また、相談体制の充実や教育・啓発の推進の課題では、多くの自治体で「国の指示、動向をふまえて」という消極的な姿勢が目立っている。こうしたことから、集会後の政府交渉では、各省の「部落差別解消推進法」にたいする姿勢を明確にさせ、具体化に向けた施策推進を強く求めていかなければならない。とくに法務省は、「部落差別解消推進法」の具体化に向けて、各省の課題を明確にして要請するようなとりくみもなく、各省まかせの消極的な姿勢であり、しっかりとした役割を果たしていない責任は大きい。
部落差別の実態に関する調査については、「有識者会議」の取りまとめをふまえて、実施に向けた検討がすすんでいる。実態調査は国の事業となっているが、自治体の協力なしには実施できないことは明らかである。この調査が部落差別の実態を正確に把握できるように、自治体の積極的な動きをつくり出す必要がある。今後とも国や自治体にたいして交渉や要請行動を強めていこう。

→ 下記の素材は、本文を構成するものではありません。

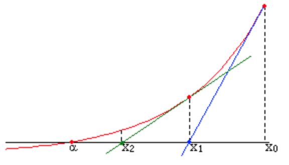 \[\begin{align} x_{x+1} = x_{k}-\frac{f(x_{k})}{f'(x_k)} \end{align}\]이는 점 $(x_k, f(x_k))$에서 접선을 그린 후, 그 접선이 $x$ 축과 만나는 점을 $x_{k+1}$로 삼는 것과 동일하다.
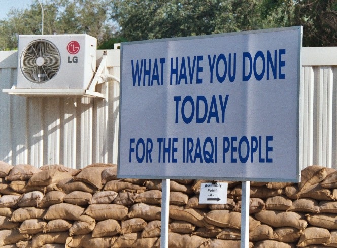 Unter Saddam hatten die Iraker eine gut gehende Wirtschaft mit einer reichen Mittelklasse, eine gut funktionierende Infrastruktur auf dem Niveau der höchstentwickelten Länder der Welt, freie medizinische Versorgung und freie Bildung bis zum Hochschulabschluss. Heute haben die Iraker eine Arbeitslosenrate von 50%, ein Problem, Wasser und elektrischen Strom zu bekommen und zusammengebombte Krankenhäuser und Schulen.

さらに、自治体では、部落問題の解決に向けて、国や自治体の役割分担をふまえながら、部落解放・人権行政の積極的な推進が必要であることが再確認されてきた。しかし、施策の具体化にあたっての財源確保の問題もあり、なかなか全国的な動きになっていないのが現状である。中央本部は、全国知事会などに、自治体が国への要望をまとめ、財源確保に向けて積極的に働きかけるように要請している。兵庫県たつの市や愛知県津島市では、この「部落差別解消推進法」制定をふまえての条例が制定され、福岡県小郡市でも条例が改正された。
こうした全国でのとりくみ成果を積みあげながら、第1次中央集会に結集し、「部落差別解消推進法」の具体化のとりくみをすすめよう。